● **Your instructions**:
Copy every entry exactly as it stands, though any image it holds should stay out of the copy.
════════
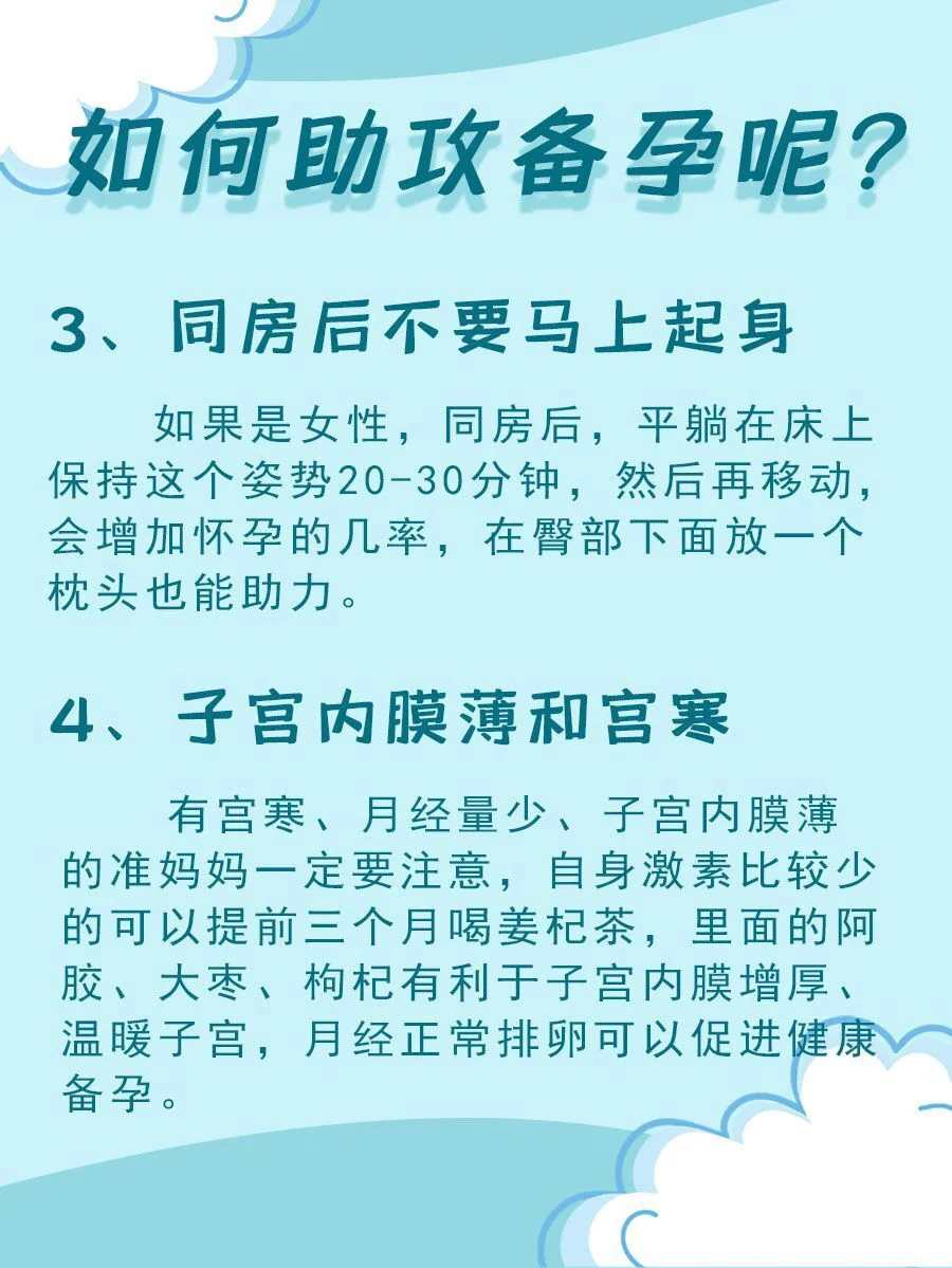 如果是女性,同房后,平躺在床上保持这个姿势20-30分钟,然后再移动,会增加怀孕的几率,在臀部下面放一个枕头也能助力。
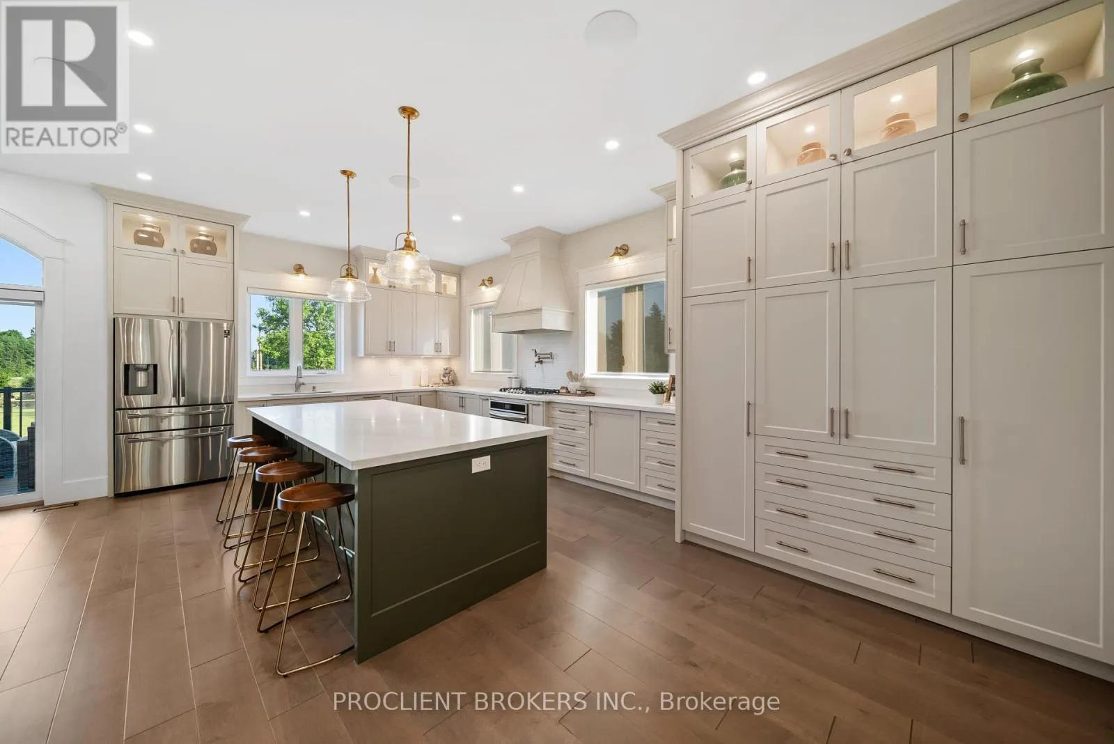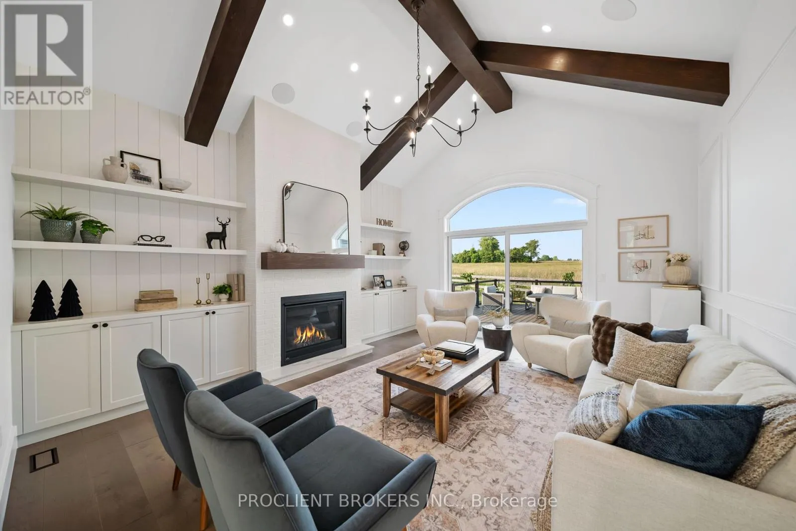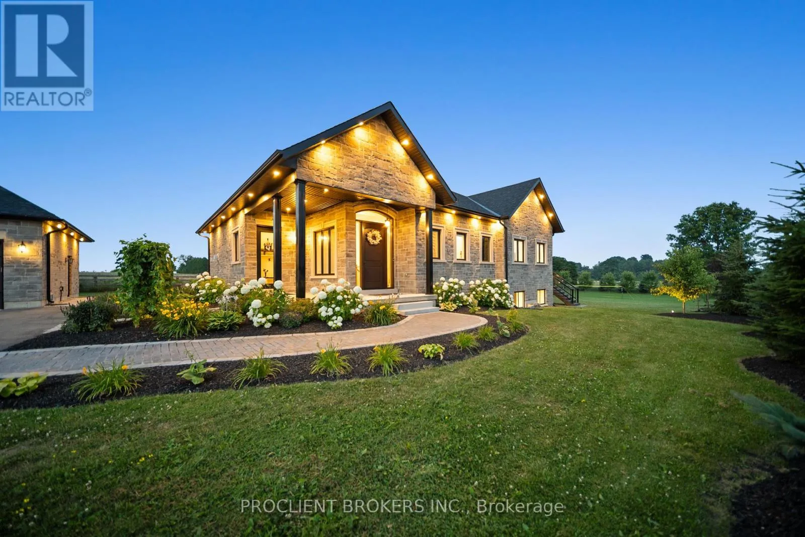 Cross Streets: Ten Side Road & Guelph Line. ** Directions: Off Highway 401 to Guelph Line. MUST SEE VIRTUAL TOUR - CLICK MULTIMEDIA - Contemporary elegance meets estate living. Situated on a beautifully manicured 1.11-acre lot, this custom-built 2022 bungalow delivers nearly 5,000 sqft of meticulously designed living space, with 5 beds, 5 baths, and an oversized 3-car garage. Just 3 minutes from Hwy 401, this luxury residence offers seamless access while surrounded by privacy and natural beauty. Inside, you'll find 10ft flat ceilings, solid 8ft doors, and refined craftsman-style millwork throughout. The designer kitchen is a showpiece with a massive quartz island (4x9ft), floor-to-ceiling custom cabinetry, and premium built-in appliances. Ideal for everyday living and upscale entertaining. The great room stuns with a 17ft cathedral ceiling, exposed wood beams, a 42" Napoleon fireplace, built-inParadigm surround sound, and oversized patio doors leading to a glass-railed composite deck. A stylish family room offers a second 72" fireplace and in-ceiling audio for immersive ambiance. The primary suite isa private sanctuary with its own fireplace, custom walk-in closet, luxury ensuite, and French doors to the rear deck. Every bedroom on the main floor includes built-in audio and custom closets. The fully finished 9ft ceiling basement redefines modern living with engineered hardwood, a custom-built library with ladder, wet bar, and two spacious bedrooms each with its own ensuite. At its heart is a $100K+ professionally built11-channel 8-seater home theatre, fully insulated for premium acoustics. Outdoors, the property is a masterpiece: two composite decks with gas hookups, landscape lighting, a fire pit, volleyball setup, and an apple & pear orchard, complemented by fruit trees, berry patches, and grape vines. The garage is EV ready(for 2), fully insulated, with premium carriage-style doors, built-in racks, and Pro-slat tool walls ideal for car lovers or hobbyists. This is more than a home, its an experience. A retreat. A lifestyle. And it's ready for you. (id:27476)
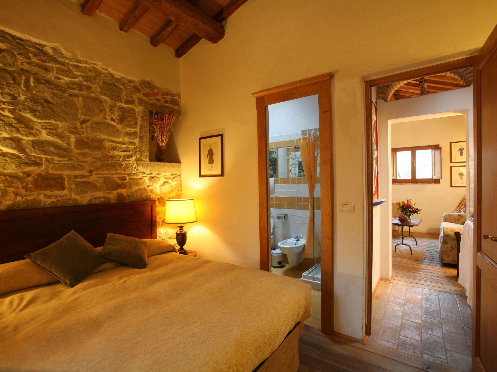 From the entrance door, on the left-hand side there is access to the sitting room with fireplace while on the right-hand side there is access to the Sala della Pastaia whose name derives from an old piece of furniture which today contains various objects but which was used to dry pasta! Today it is a large and spacious dining room where guests can spend moments of convivial serenity Also on the ground floor is a new and comfortable kitchen equipped with everything a good chef would wish to have as tools of the trade.A staircase made of pietra serena, typical of the Cortona area, leads to the first floor where the sleeping area is accessed. Each room has been created following a different theme that differentiates them from one another. At the back of the house, surrounded by greenery and olive trees, is the private swimming pool. Sheltered from prying eyes and not visible from the entrance, the particular position chosen guarantees plenty of sunshine, peace and intimacy. The flooring used for the exterior is teak, which does not heat up in the sun and allows you to walk barefoot or sit on the edge or on the ground without the danger of getting burnt.
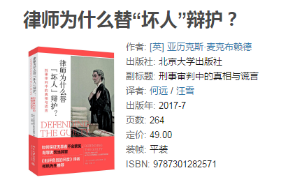 英国律师亚历克斯·麦克布莱德的纪实性小说,《律师为什么替「坏人」辩护》。
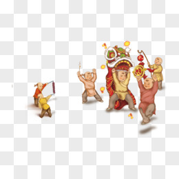 插画人物舞狮子免抠元素
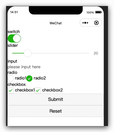 表单组件由一系列组件组成,包括: button、checkbox、form、 input、 label、 picker、picker - view 、radio、slider 、switch和 textarea。熟悉WEB开发的朋友应该知道表单在WEB开发中应用非常广泛, 表单主要用来构建与用户进行的交互,因而建议大家务必重点掌握表单组件的应用。
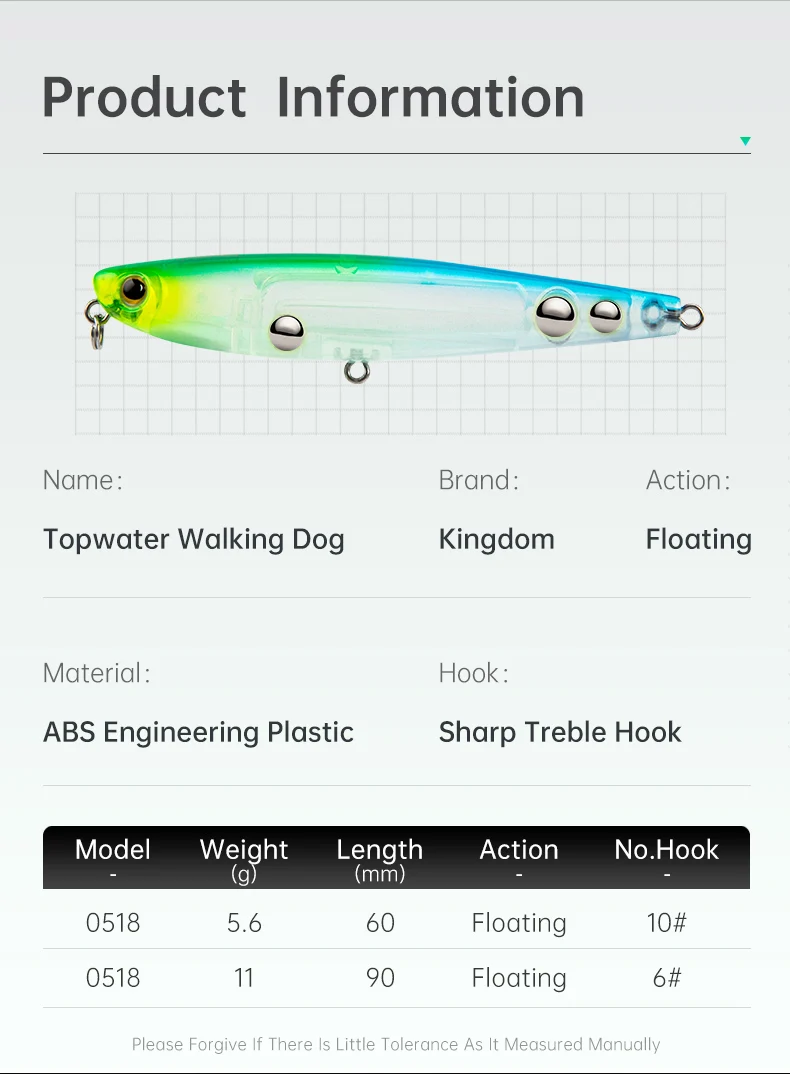 • Versatile Size Options :Available in two sizes - 60mm and 90mm, this lure caters to different fishing needs. The 5.6g and 11g weight options provide flexibility for different water conditions.
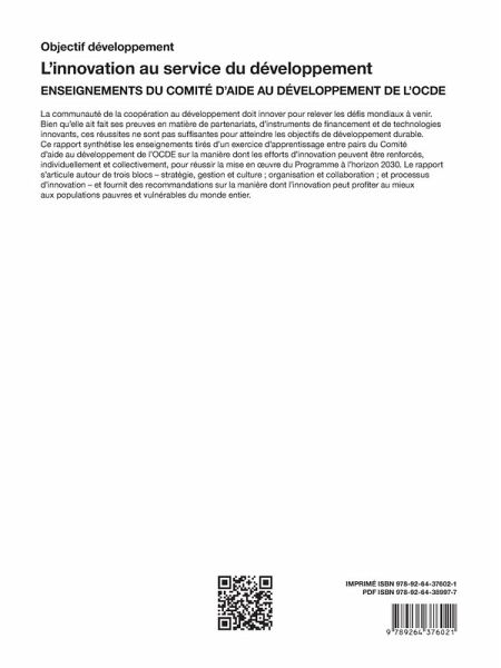 Ce rapport synthétise les enseignements tirés d'un exercice d'apprentissage entre pairs du Comité d'aide au développement de l'OCDE sur la manière dont les efforts d'innovation peuvent être renforcés, individuellement et collectivement, pour réussir la mise en oeuvre du Programme à l'horizon 2030.
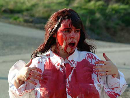 In addition to acting in and producing The Resurrection Game, Amy served the film as art director, additional photographer and craft services. On one shooting date in particular, she fed the cast and crew two specially-made lasagnas, then denied herself her own nourishment due to the fact that she still had to go before the camera in a skin-tight leather-and-spandex costume.
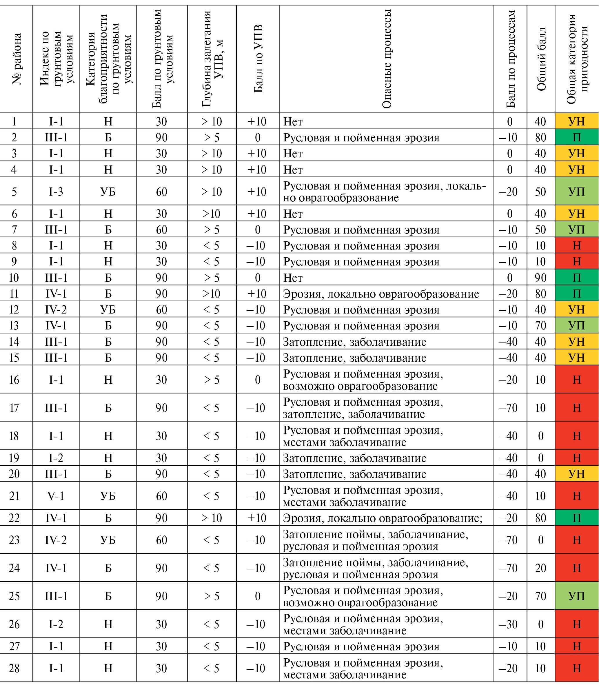 Исходя из геоморфологического положения участков, оценивалась возможность проявления: заболачивания, подтопления, затопления поймы паводковыми водами, русловой и пойменной эрозии, овраго- и оползнеобразования. С учетом литологического состава пород и строения геологического разреза, а также имеющихся сведений о наличии карстово-суффозионных провалов, оценивалась возможность развития сульфатного и карбонатного карста [2, 4, 6]. Все эти позиции также выражались в понижающих баллах, присваиваемых участку (см. табл. 2). Значения баллов назначались на основании общих сведений о площади, подверженной развитию того или иного процесса, его интенсивности (разрушительной силы) и повторяемости. В случае развития на одном участке нескольких опасных процессов баллы либо суммировались, либо участку присваивался балл по наиболее опасному процессу, исходя из общих экспертных оценок.
════════
● **The completed task**:
 如果是女性,同房后,平躺在床上保持这个姿势20-30分钟,然后再移动,会增加怀孕的几率,在臀部下面放一个枕头也能助力。
 Cross Streets: Ten Side Road & Guelph Line. ** Directions: Off Highway 401 to Guelph Line. MUST SEE VIRTUAL TOUR - CLICK MULTIMEDIA - Contemporary elegance meets estate living. Situated on a beautifully manicured 1.11-acre lot, this custom-built 2022 bungalow delivers nearly 5,000 sqft of meticulously designed living space, with 5 beds, 5 baths, and an oversized 3-car garage. Just 3 minutes from Hwy 401, this luxury residence offers seamless access while surrounded by privacy and natural beauty. Inside, you'll find 10ft flat ceilings, solid 8ft doors, and refined craftsman-style millwork throughout. The designer kitchen is a showpiece with a massive quartz island (4x9ft), floor-to-ceiling custom cabinetry, and premium built-in appliances. Ideal for everyday living and upscale entertaining. The great room stuns with a 17ft cathedral ceiling, exposed wood beams, a 42" Napoleon fireplace, built-inParadigm surround sound, and oversized patio doors leading to a glass-railed composite deck. A stylish family room offers a second 72" fireplace and in-ceiling audio for immersive ambiance. The primary suite isa private sanctuary with its own fireplace, custom walk-in closet, luxury ensuite, and French doors to the rear deck. Every bedroom on the main floor includes built-in audio and custom closets. The fully finished 9ft ceiling basement redefines modern living with engineered hardwood, a custom-built library with ladder, wet bar, and two spacious bedrooms each with its own ensuite. At its heart is a $100K+ professionally built11-channel 8-seater home theatre, fully insulated for premium acoustics. Outdoors, the property is a masterpiece: two composite decks with gas hookups, landscape lighting, a fire pit, volleyball setup, and an apple & pear orchard, complemented by fruit trees, berry patches, and grape vines. The garage is EV ready(for 2), fully insulated, with premium carriage-style doors, built-in racks, and Pro-slat tool walls ideal for car lovers or hobbyists. This is more than a home, its an experience. A retreat. A lifestyle. And it's ready for you. (id:27476)
 From the entrance door, on the left-hand side there is access to the sitting room with fireplace while on the right-hand side there is access to the Sala della Pastaia whose name derives from an old piece of furniture which today contains various objects but which was used to dry pasta! Today it is a large and spacious dining room where guests can spend moments of convivial serenity Also on the ground floor is a new and comfortable kitchen equipped with everything a good chef would wish to have as tools of the trade.A staircase made of pietra serena, typical of the Cortona area, leads to the first floor where the sleeping area is accessed. Each room has been created following a different theme that differentiates them from one another. At the back of the house, surrounded by greenery and olive trees, is the private swimming pool. Sheltered from prying eyes and not visible from the entrance, the particular position chosen guarantees plenty of sunshine, peace and intimacy. The flooring used for the exterior is teak, which does not heat up in the sun and allows you to walk barefoot or sit on the edge or on the ground without the danger of getting burnt.
 英国律师亚历克斯·麦克布莱德的纪实性小说,《律师为什么替「坏人」辩护》。
 插画人物舞狮子免抠元素
 表单组件由一系列组件组成,包括: button、checkbox、form、 input、 label、 picker、picker - view 、radio、slider 、switch和 textarea。熟悉WEB开发的朋友应该知道表单在WEB开发中应用非常广泛, 表单主要用来构建与用户进行的交互,因而建议大家务必重点掌握表单组件的应用。
 • Versatile Size Options :Available in two sizes - 60mm and 90mm, this lure caters to different fishing needs. The 5.6g and 11g weight options provide flexibility for different water conditions.
 Ce rapport synthétise les enseignements tirés d'un exercice d'apprentissage entre pairs du Comité d'aide au développement de l'OCDE sur la manière dont les efforts d'innovation peuvent être renforcés, individuellement et collectivement, pour réussir la mise en oeuvre du Programme à l'horizon 2030.
 In addition to acting in and producing The Resurrection Game, Amy served the film as art director, additional photographer and craft services. On one shooting date in particular, she fed the cast and crew two specially-made lasagnas, then denied herself her own nourishment due to the fact that she still had to go before the camera in a skin-tight leather-and-spandex costume.
 Исходя из геоморфологического положения участков, оценивалась возможность проявления: заболачивания, подтопления, затопления поймы паводковыми водами, русловой и пойменной эрозии, овраго- и оползнеобразования. С учетом литологического состава пород и строения геологического разреза, а также имеющихся сведений о наличии карстово-суффозионных провалов, оценивалась возможность развития сульфатного и карбонатного карста [2, 4, 6]. Все эти позиции также выражались в понижающих баллах, присваиваемых участку (см. табл. 2). Значения баллов назначались на основании общих сведений о площади, подверженной развитию того или иного процесса, его интенсивности (разрушительной силы) и повторяемости. В случае развития на одном участке нескольких опасных процессов баллы либо суммировались, либо участку присваивался балл по наиболее опасному процессу, исходя из общих экспертных оценок.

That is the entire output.